-- Data for this task --
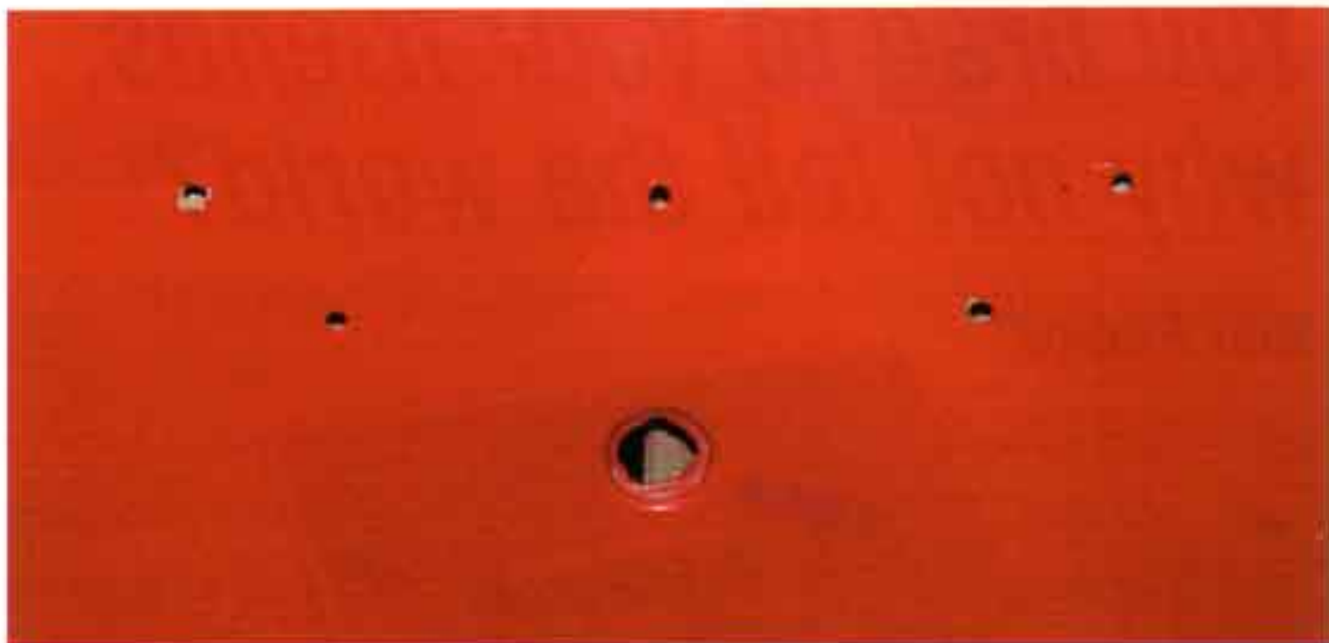
Photo #1: The 1955 rear trunk emblem has four studs and one guide pin in the center that attaches the emblem to the trunk lid. The new LED third brake lamp uses the four holes in the trunk lid to hold the emblem in place. The center hole in the trunk lid will be used to pass the wires from the third brake lamp into the trunk.
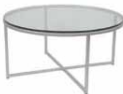
OT843 SPA COCKTAIL TABLE Silver/Glass 36"Dia.x18"H
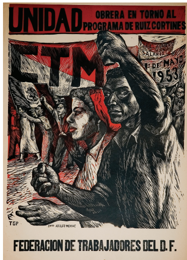
Political prints from The Popular Graphic Arts Workshop at the Snite Museum
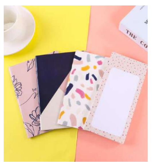
NH10090570 Sales 230
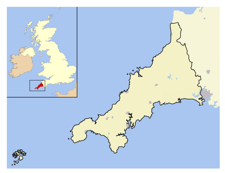
Figure 1: Geographical location of Cornwall in the UK (2008).

picture of what the language might have been like (Sayers & Renkó-Michelsén, 2015, pp.23–24). From the 18<sup>th</sup> century onwards, those few remains were pored over by a small number of enthusiasts and philologists with varying levels of linguistic training, increasingly with a view to filling the many gaps in the lexicon and grammar in order to reconstruct a full language. The late 19th century Celtic renaissance saw the founding in 1901 of the Celtic-Cornish Society, Cowethas Kelto Kernuack (Mills, 1999, p.46), superseded in 1920 by the Old Cornwall Society, which grew into the Federation of Old Cornwall Societies. In 1928, the Cornish Bardic Assembly (Gorsedh) formed, with twelve Bards and a Grand Bard. In 1967, the Gorsedh and the Federation founded the Cornish Language Board, Kesva an Taves Kernewek, to facilitate Cornish learning and formalise the examination process. In 1979, in order to focus its efforts on the formal work of exams, the Board founded the Cornish Language Fellowship, Kowethas an Yeth Kernewek, to conduct
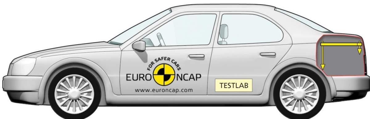
Figure 1. Setting up axis reference frame.
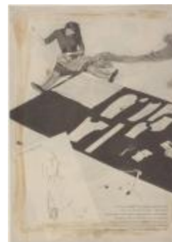
Simplicity Pattern 1521: Juniors' and Misses' Two-Piece Suit (KA008601_OSx1_f05_02)

-- Task details --
A complete answer gives every line of the records holding "Figure".

-- Response for this exercise --
Figure 1: Geographical location of Cornwall in the UK (2008).
Figure 1. Setting up axis reference frame.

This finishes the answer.